Who am I to create such a list? The guy who runs this blog. That's who.
5. The Sopranos - I've told anyone that will listen (and lot's that would have preferred not to) that Tony Soprano was for me the most fully realized fictional character of all-time (until he was surpassed by a certain Old West bartender). Tony is a bad guy. He does terrible things, to good people (and a lot of terrible people too), and yet at almost every turn, you understand why he's doing it. You don't agree, or support, but you understand. He's not a charicature of a gangster. He's what one imagines the real thing is like. For that alone, this show would have to make the list.
4. Arrested Development - This show was literally too funny for television. It was too good to last, and so it didn't. The good news is, since it died early every episode is as good as the first. The creative juices never ran out for this series, which bodes well for the rumored big screen version.
3. The West Wing - A show that started off promising, became transcendent and ended great. Characters came and went (often without proper explanation, Thanks Sorkin!), the creator even took his ball and went home (so to speak) but still, Jed Bartlett and his administration steered the (imaginary) country for eight years. Seven glorious seasons of high-quality character development and issue-oriented storylines. This is how you do politics on TV.

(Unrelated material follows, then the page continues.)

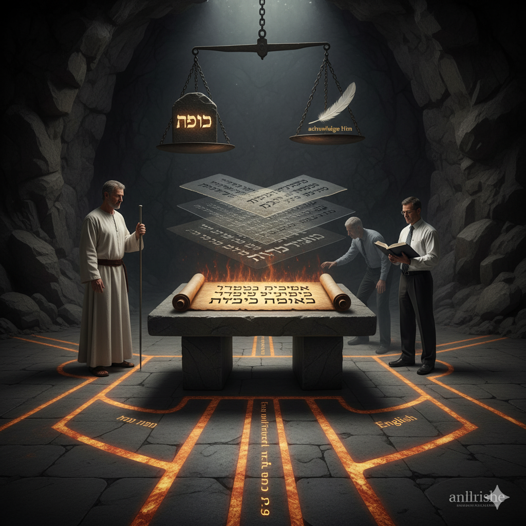 We begin with the original Hebrew text, drawn from the Aleppo and Leningrad codices. The first imperative is בְּטַח (bəṭaḥ — “trust,” Qal imperative masculine singular from בָּטַח), a command not of emotional reliance but of volitional loyalty. This is not the passive trust of a child hoping for protection; it is the active binding of one’s will to the covenantal logic of YHWH. The phrase אֶל־יְהוָה (el-YHWH — “unto YHWH,” preposition + proper noun masculine singular) directs this loyalty toward the covenantal name, not a generic deity. The next clause, בְּכָל־לִבֶּךָ (bəḵal-libbekha — “with all your heart,” preposition + noun masculine singular + 2ms suffix), invokes the seat of volition, not emotion. The Hebrew לֵב (lev) is not the sentimental heart of Western romance but the core of decision-making, discernment, and covenantal response. The command is forensic: bind your volition to YHWH with totality.
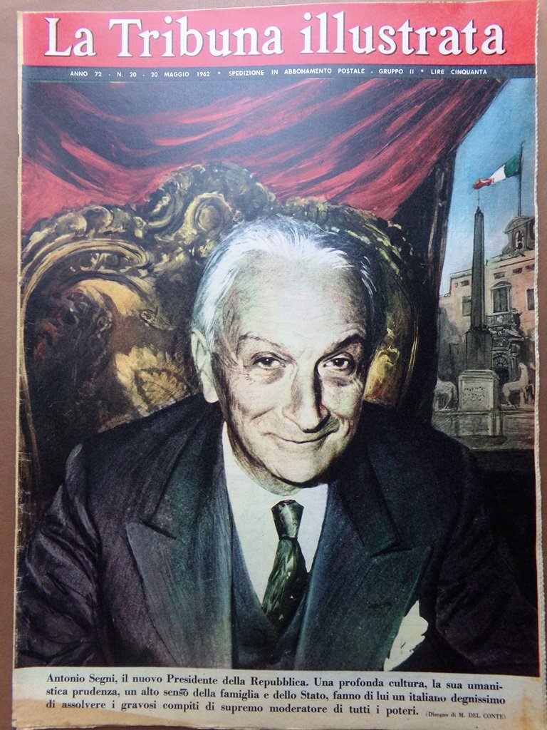 Antonio Segni, il nuovo Presidente della Repubblica. Una profonda cultura, la sua umanistica prudenza, un alto senso della famiglia e dello Stato, fanno di lui un italiano degnissimo di assolvere i gravosi compiti di supremo moderatore di tutti i poveri (disegno di M. Del Conte)

2. Lost - It may not be fair to hang the "greatest ever" tag on this show since it's not done, and could (theoretically) come off the rails in the last 24 or so episodes. But we all know that's not going to happen. The finale of this show (I imagine) will become the kind of cultural zeitgeist water-cooler fodder that the finale of "Mash" and "St. Elsewhere's" have. People who've never seen the show will get the jokes made about it because they will be everywhere. Every few years, a new fanbase explosion will happen as people find the show on DVD and ponder the mysteries of the Island.
1. Deadwood - Vulgar, Violent and very very good. This is not only the greatest television show ever created, but one of the best entries into the western genre as well. A genre that you already know I love. There is no "main" character, but the show centers on Al Swearingen (the aforementioned Old West bartender) and Seth Bullock (a once and future lawman). Historical characters are blended with fictional characters into semi-historical scenes and it is tremendous. If you can get past the language (and there's a lot of it) this show is worth its weight in gold.